Amid ever-increasing price and supply pressures, Canada’s millennials are now more open to the idea of becoming landlords and sharing their spaces with other people, according to CIBC’s latest poll of Canadian home owners.

The CIBC study found that Canadians aged 18-34 are far more likely to be landlords than any other demographic. 30% of millennial home owners are already landlords, while 17% are planning to be. This is in stark contrast to only 29% of home owners aged 35-54 and 12% of those aged 55+ being landlords.

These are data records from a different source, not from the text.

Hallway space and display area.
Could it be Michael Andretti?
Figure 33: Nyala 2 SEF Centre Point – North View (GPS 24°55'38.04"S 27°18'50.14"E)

55% of millennial landlords said that they already own properties
exclusively for rental purposes, while 40% are renting out portions of their homes for extended stays of a year or more (30%) or short-stays (10%).

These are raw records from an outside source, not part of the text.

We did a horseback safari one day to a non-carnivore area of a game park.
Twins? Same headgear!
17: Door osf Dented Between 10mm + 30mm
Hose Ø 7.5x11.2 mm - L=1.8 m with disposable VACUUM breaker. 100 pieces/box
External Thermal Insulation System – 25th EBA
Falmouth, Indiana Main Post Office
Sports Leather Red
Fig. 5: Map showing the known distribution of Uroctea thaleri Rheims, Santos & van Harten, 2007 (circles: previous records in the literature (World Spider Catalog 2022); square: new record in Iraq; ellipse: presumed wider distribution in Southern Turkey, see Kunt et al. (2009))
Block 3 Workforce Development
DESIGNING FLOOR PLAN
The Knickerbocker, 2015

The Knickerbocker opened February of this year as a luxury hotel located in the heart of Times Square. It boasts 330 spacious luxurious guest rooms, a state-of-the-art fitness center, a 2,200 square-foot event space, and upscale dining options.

For those who would be buying homes right now, 54% of millennials said that they would go for homes with sources of rental income, versus 25% of baby boomers.

The numbers uncovered by CIBC bore out the economic rationale for space-sharing: Those who earn income by renting out space in their homes reduce their average housing costs by as much as 70%. Also, Canadians who own a separate rental property earn on average $2,189 per month, 50% greater than their monthly costs.

“Younger Canadians are more open to sharing their space because they see it as financially advantageous,” according to real estate investor, contractor, and television personality Scott McGillivray.

“There’s definitely a shift in attitudes and a growing interest in income properties, in part driven by a desire to offset high housing costs, but also because it can be a smart way to create extra income and build wealth.”

While 30% of landlords said that their top concern is dealing with unexpected maintenance and repair costs, 52% expressed a belief that it’s “worth the headache”, whether for generating passive income now (22%) or in retirement (28%).